Thursday, June 16, 2016

Analyzing Scala performance using javap

Target audience: Beginner
Estimated reading time: 15'


As mentioned in a previous post, iterators in Scala, such as foreach, for & while loop have different performance characteristics. A recurrent question between developers is the relative performance of Scala and Java regarding for and while.

The "for comprehension" closure in Scala is indeed a syntactic sugar wraps around a sequence of flatMap and map methods. Monad in Practice. It is expected to be significantly slower and should not be used as an iterator.
We select the higher method foreach to implement the for iterator in Scala.

Note: For the sake of readability of the implementation of algorithms, all non-essential code such as error checking, comments, exception, validation of class and method arguments, scoping qualifiers or import is omitted

Evaluation while
The simple evaluation consists of processing a large number of iterations of a very simple statement which execution does not interfere with the actual performance of the iterator. The code is also is easy to understand. The code for the while loop is described below.

def testRun(numIterations: Int) : Unit = {
  val startTime = System.currentTimeMillis
  var sum: Long = 0
  var i: Int = 0

  while(i < numIterations) {
    var j = 0
    while(j  < 1000) {
      sum += 1
      j += 1
     i += 1

The test is executed on a 4 cores Intel i7 CPU with java 1.7.02 64-bit and Scala 2.10.2. The chart below, compares the duration of the execution of the for iterator for Java and Scala.

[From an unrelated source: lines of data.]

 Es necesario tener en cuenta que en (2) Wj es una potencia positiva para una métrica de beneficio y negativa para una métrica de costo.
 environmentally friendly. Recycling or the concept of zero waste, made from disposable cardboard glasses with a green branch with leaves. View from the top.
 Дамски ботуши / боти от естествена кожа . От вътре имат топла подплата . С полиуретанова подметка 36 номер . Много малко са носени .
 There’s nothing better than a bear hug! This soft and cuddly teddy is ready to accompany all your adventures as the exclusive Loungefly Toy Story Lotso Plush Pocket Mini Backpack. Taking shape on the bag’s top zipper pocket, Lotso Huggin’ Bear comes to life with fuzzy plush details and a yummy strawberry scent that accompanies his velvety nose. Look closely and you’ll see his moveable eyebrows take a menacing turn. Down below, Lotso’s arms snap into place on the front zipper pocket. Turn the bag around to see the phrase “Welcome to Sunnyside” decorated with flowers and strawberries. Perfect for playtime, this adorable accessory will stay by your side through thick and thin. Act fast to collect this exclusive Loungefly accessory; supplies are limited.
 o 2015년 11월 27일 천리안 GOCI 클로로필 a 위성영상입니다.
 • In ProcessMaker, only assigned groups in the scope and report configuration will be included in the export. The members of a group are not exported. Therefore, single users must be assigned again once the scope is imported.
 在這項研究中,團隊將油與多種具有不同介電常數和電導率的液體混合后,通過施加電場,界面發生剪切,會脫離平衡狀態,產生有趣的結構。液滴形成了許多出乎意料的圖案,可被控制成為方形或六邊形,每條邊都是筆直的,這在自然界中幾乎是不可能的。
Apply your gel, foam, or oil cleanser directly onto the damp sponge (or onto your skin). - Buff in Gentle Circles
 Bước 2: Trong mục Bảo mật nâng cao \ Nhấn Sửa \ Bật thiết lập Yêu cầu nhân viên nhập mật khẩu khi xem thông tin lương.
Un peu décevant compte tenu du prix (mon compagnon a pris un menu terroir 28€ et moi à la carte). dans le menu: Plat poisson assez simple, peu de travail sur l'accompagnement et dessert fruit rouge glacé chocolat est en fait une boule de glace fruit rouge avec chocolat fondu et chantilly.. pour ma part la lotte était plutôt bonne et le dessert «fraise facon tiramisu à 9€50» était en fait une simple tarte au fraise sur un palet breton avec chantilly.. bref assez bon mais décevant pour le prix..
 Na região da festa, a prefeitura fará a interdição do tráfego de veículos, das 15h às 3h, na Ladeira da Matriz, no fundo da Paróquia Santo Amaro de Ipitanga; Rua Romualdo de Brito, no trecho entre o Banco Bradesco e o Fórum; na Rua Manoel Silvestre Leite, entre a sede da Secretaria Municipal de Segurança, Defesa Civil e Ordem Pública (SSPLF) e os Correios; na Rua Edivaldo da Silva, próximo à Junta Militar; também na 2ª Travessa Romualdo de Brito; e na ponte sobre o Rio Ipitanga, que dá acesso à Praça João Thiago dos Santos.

The performance of Scala and Java for executing the while loop are very similar.

Evaluation for
The second test consists of comparing the relative performance of Java for loop and Scala foreach higher order method.

def testRun(numIterations: Int) : Unit = {
  var sum: Long = 0
  (0 until numIterations.foreach( sum += _)

Analysis using Javap
The first step is to analyze the number of byte-code instructions generated by the Scala compiler. We use the Java Class File Disassembler,  javap, to print out the actual instructions processed by the Java virtual machine.
            javap -c -verbose xxx.class
The sequence of instructions generated for the execution of the while loops are displayed below.

0:   lconst_0
1:   lstore_1
2:   iconst_0
3:   istore_3
4:   iload_3
5:   sipush  1000
8:   if_icmpge       42
11:  iconst_0
12:  istore  4
14:  iload   4
16:  sipush  1000
19:  if_icmpge       35
22:  lload_1
23:  lconst_1
24:  ladd
25:  lstore_1
26:  iload   4
28:  iconst_1
29:  iadd
30:  istore  4
32:  goto    14
35:  iload_3
36:  iconst_1
37:  iadd
38:  istore_3
39:  goto    4
42:  return

Dissambling the Java class for the code with the for iterators produces the following print out:

0:   new     #12; //class scala/runtime/LongRef
3:   dup
4:   lconst_0
5:   invokespecial   #16; //Method scala/runtime/LongRef."<init>":(J)V
8:   astore_1
9:   getstatic       #22; //Field scala/runtime/RichInt$.MODULE$:Lscala/runtime/RichInt$;
12:  getstatic       #27; //Field scala/Predef$.MODULE$:Lscala/Predef$;
15:  iconst_0
16:  invokevirtual   #31; //Method scala/Predef$.intWrapper:(I)I
19:  sipush  1000
22:  invokevirtual   #35; //Method scala/runtime/RichInt$.until$extension0:
                            (II Lscala/collection/immutable/Range;
25:  new             #37; //class JavaScala$$anonfun$testRun$1
28:  dup
29:  aload_0
30:  aload_1
31:  invokespecial   #40; //Method JavaScala$$anonfun$testRun$1."<init>
34:  invokevirtual   #46; //Method scala/collection/immutable/Range.foreach$mVc$sp:
37:  return

Although the number of instructions for the for loop is smaller than the number of instructions for while, most of those instructions are function calls:
- conversion of counter to long
- static conversion of int to RichInt to wrap Java Integer:
@inline implicit def intWrapper(x: Int)= new runtime.RichInt(x)
- ultimately the foreach method is invoked to execute the loop.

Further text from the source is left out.